— What you will do —
Please copy, exactly as they appear below, the lines from the one containing "WTI oil remains" through the one containing "セーラー服:aki_i、1g".

— Records shown —
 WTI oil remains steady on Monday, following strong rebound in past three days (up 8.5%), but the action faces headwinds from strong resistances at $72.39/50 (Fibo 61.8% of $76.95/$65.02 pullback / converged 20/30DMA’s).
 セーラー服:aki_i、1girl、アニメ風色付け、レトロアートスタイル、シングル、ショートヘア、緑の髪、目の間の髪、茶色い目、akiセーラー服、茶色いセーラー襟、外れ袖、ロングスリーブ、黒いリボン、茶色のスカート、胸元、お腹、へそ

---

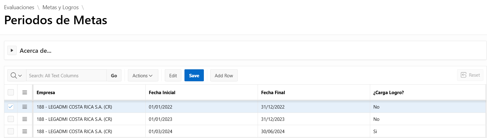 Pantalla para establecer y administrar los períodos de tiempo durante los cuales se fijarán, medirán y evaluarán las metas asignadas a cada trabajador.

— Solution —
 WTI oil remains steady on Monday, following strong rebound in past three days (up 8.5%), but the action faces headwinds from strong resistances at $72.39/50 (Fibo 61.8% of $76.95/$65.02 pullback / converged 20/30DMA’s).
 セーラー服:aki_i、1girl、アニメ風色付け、レトロアートスタイル、シングル、ショートヘア、緑の髪、目の間の髪、茶色い目、akiセーラー服、茶色いセーラー襟、外れ袖、ロングスリーブ、黒いリボン、茶色のスカート、胸元、お腹、へそ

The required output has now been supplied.